RJG: I started blogging in February of 2011.
PP: Why did you start blogging? Why do you continue to do it?
RJG:I think my job, primarily, is to be a teacher of Torah. I work to get other people to love Torah as much as I do and to inspire them to build a life around the values of Torah. Blogging, to me, is like a great big megaphone that allows me to do my job better. It allows me to reach further and to more people than I could ever do just by talking to folks in my little synagogue.
Over the time I’ve been doing it, the blog also has become a spiritual practice for me. It forces me, two or three times a week, to do a little bit of studying, a little bit of thinking and a little bit of putting my thoughts into words. That helps me — little by little — to grow as a person and to clarify my intentions in the world.
Also, I really like writing. I think I’m pretty good at it. Blogging is a way of getting regular exercise at writing and allows me to improve my skills.
PP: Why did you choose the name of your blog?
RJG: First and foremost, the URL was available.
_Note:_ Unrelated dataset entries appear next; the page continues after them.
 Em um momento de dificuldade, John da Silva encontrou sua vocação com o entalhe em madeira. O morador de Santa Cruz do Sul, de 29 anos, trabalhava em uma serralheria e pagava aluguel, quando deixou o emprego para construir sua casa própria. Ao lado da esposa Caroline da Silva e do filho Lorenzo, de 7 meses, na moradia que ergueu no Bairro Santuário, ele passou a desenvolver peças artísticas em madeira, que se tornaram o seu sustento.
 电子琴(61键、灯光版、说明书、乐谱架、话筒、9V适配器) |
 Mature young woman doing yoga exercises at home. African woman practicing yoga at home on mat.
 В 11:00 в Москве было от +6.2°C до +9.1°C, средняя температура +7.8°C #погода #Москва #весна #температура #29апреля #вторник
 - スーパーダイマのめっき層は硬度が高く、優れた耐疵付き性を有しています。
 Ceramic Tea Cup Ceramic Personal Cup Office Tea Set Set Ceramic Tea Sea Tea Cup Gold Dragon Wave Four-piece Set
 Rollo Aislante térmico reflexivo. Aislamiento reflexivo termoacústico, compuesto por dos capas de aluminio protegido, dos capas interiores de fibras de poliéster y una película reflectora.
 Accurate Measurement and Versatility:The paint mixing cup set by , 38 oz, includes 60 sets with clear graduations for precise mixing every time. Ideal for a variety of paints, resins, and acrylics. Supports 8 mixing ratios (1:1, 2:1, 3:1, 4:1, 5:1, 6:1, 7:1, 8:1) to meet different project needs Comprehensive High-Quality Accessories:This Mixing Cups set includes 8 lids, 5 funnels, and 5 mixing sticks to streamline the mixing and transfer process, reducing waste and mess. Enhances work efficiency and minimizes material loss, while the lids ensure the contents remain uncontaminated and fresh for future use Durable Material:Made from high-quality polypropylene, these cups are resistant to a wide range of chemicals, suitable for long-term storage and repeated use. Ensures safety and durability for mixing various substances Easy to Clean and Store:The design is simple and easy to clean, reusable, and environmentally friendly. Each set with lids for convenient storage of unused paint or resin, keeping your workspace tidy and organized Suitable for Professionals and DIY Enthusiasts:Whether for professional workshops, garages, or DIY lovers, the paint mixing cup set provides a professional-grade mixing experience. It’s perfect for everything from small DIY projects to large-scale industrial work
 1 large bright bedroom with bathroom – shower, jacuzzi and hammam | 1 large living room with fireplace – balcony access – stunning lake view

Secondly, I like the old Yiddish title of “Reb.” It basically translates into English as “Mister,” but it conveys a little bit more. It says, “a person who lives to be a good person.” That is as grand a title as I ever aspire to claim. Also, I like the odd juxtaposition of the Yiddish “Reb” with my distinctly Anglo-Saxon name of “Jeff.”
PP: What are your personal goals for your blog? What do you hope to achieve with it?
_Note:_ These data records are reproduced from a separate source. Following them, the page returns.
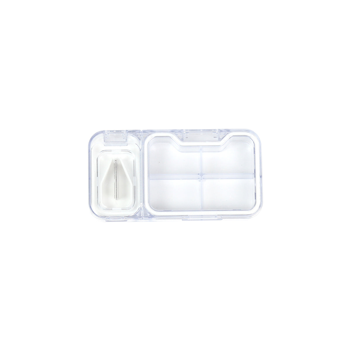 pastillero fabricado en plástico tipo ps, con silicón en la tapa para un mejor cerrado, incluye navaja de acero inoxidable. tiene 4 compartimentos espaciosos perfectos para píldoras, pastillas, tabletas, etcétera.
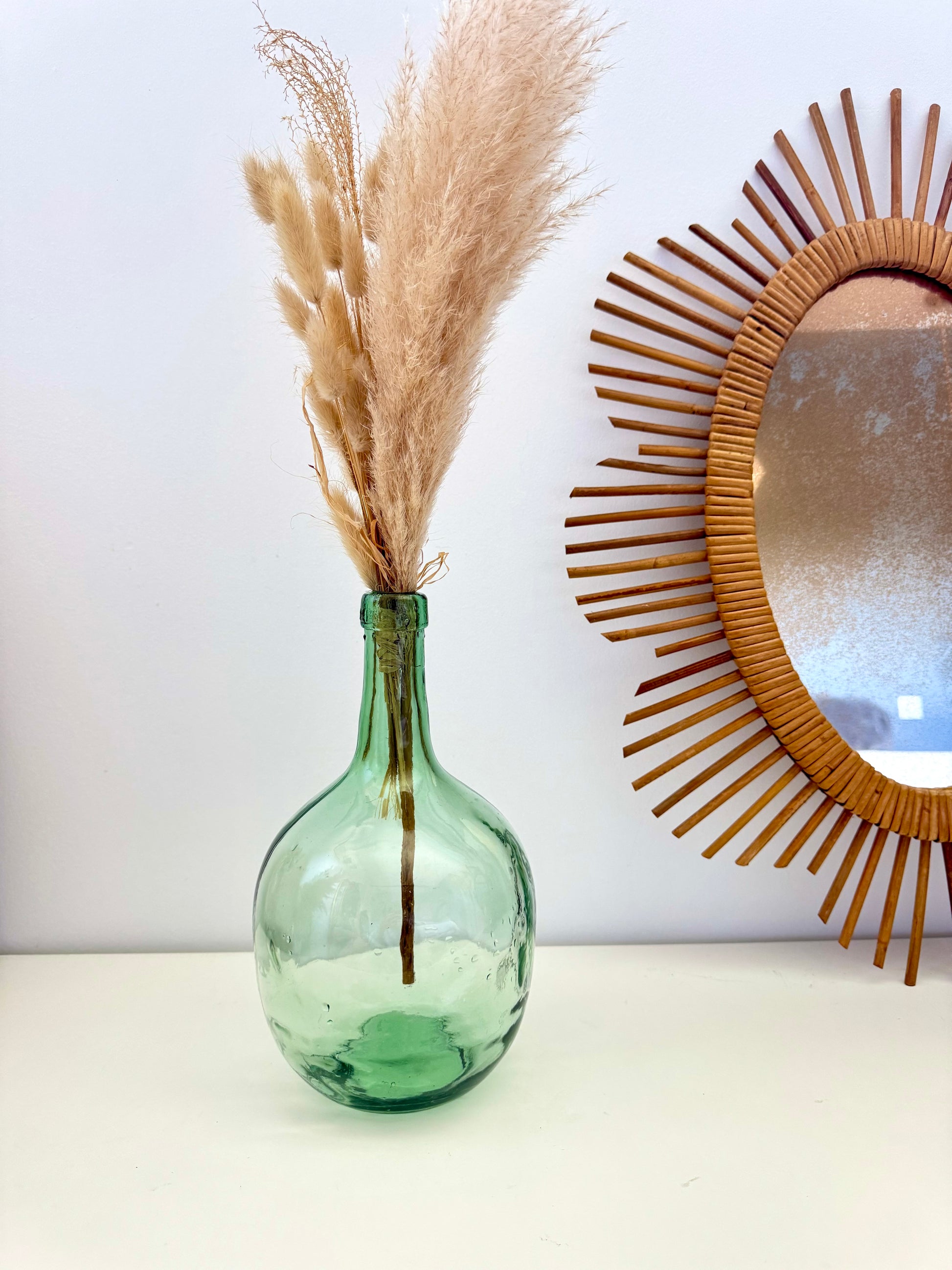 ✨Dame-Jeanne dune contenance d’environ 2/3L, verte d’une forme très originale.
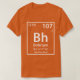 Um design de Bohrium. Bohrium é um elemento químico com o símbolo Bh e o número atômico 107. O nome é do físico dinamarquês Niels Bohr. É um elemento sintético (elemento que pode ser criado em laboratório, mas não se encontra na natureza) e radioativo; o isótopo mais estável conhecido, 270Bh, tem meia-vida de aproximadamente 61 segundos. A estética geral do design é nítida e minimalista, com foco na simplicidade e elegância. O uso do branco como a cor primária dá ao design uma aparência limpa e fresca, enquanto a fonte e o círculo negros em negrito adicionam contraste e profundidade. É um design versátil que pode ser vestido por homens e mulheres. É perfeito para aqueles que apreciam ciência, tecnologia e inovação, e que querem expressar sua paixão por esses campos através de suas roupas. Vestido casualmente ou vestido, este design deve fazer uma declaração e provocar uma conversa.

RJG: My goal is to reach folks, to inspire them to hope for more, to make them smile, to help them make the connection between Torah and living a joyful life, and to get them to think about making their synagogues more joyful places. I hope to change the world (one blog reader at a time).
PP: What is one of the greatest things that’s happened to you as a result of being a blogger?
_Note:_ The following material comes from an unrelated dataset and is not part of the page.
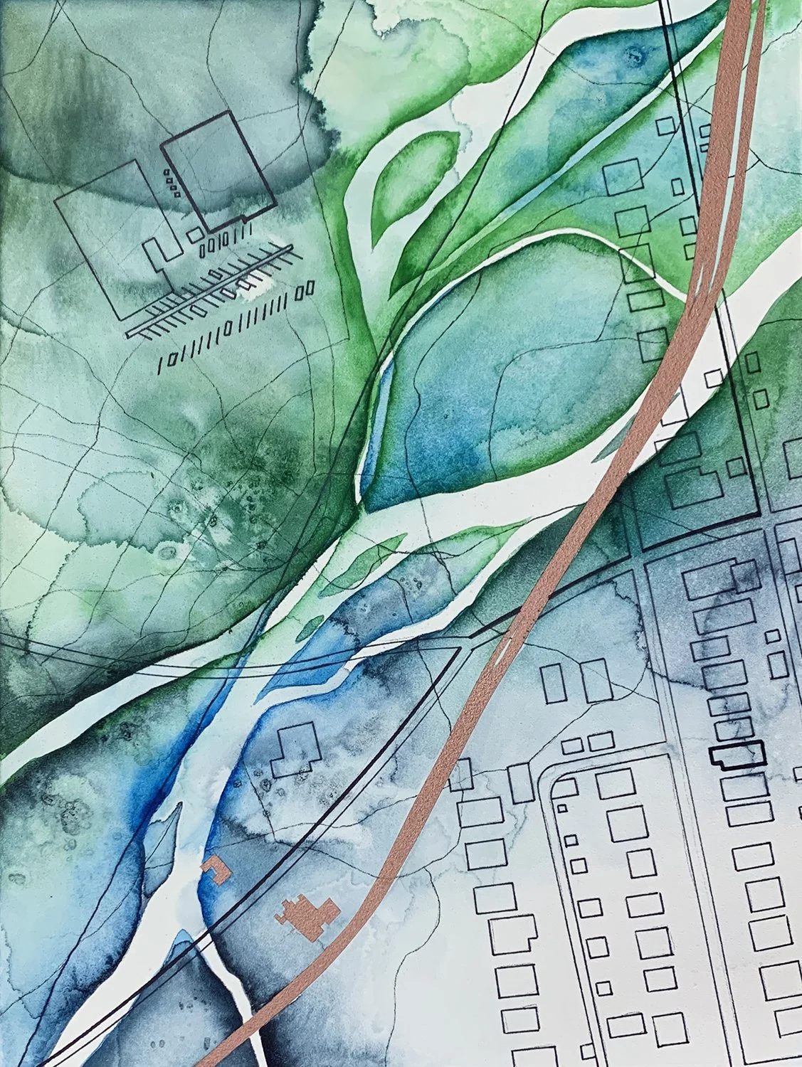 Mixed media on panel, 9” x 12”

RJG: I get a lot of people to come up to me and say, “Oh, I really like what you wrote on your blog this week. That really made me feel good.” To me, that’s just priceless.
PP: What are some other blogs/websites you love to read for general interest and/or inspiration?
RJG: I’m going to be very honest here. I don’t read a lot of blogs. Most of the inspiration for my blog posts comes from reading I do from old media (what used to be called “books”). I read my friend Rachel Barenblat’s Velveteen Rabbi blog pretty regularly. But that doesn’t really count, since I knew Rachel in “real life” and loved everything she said long before I read her blog.
I’m a political junkie and a baseball nut, so I read blogs about those topics, even though the thoughts from them don’t make it into my blog. (Sometimes the writing style does, though. I always thought the best writing in the newspapers is on the sports pages).
PP: In your opinion, what stands in the way of peace in the world?
RJG: I don’t have a romantic or preachy answer to that question. There is a lot that stands in the way. We are far away from what the world could and should be.
A lot of it is politics. Power is distributed in a way that works against the interests of peace and toward the interests of conflict. Some of it is cultural. Way too many people in this world have been taught to distrust others and to resolve conflicts with violence. Some part of it, I suppose, is also spiritual. People cannot create peace with others until they create peace within themselves.
The bottom line for me — realist that I am — is that it’s mostly about power.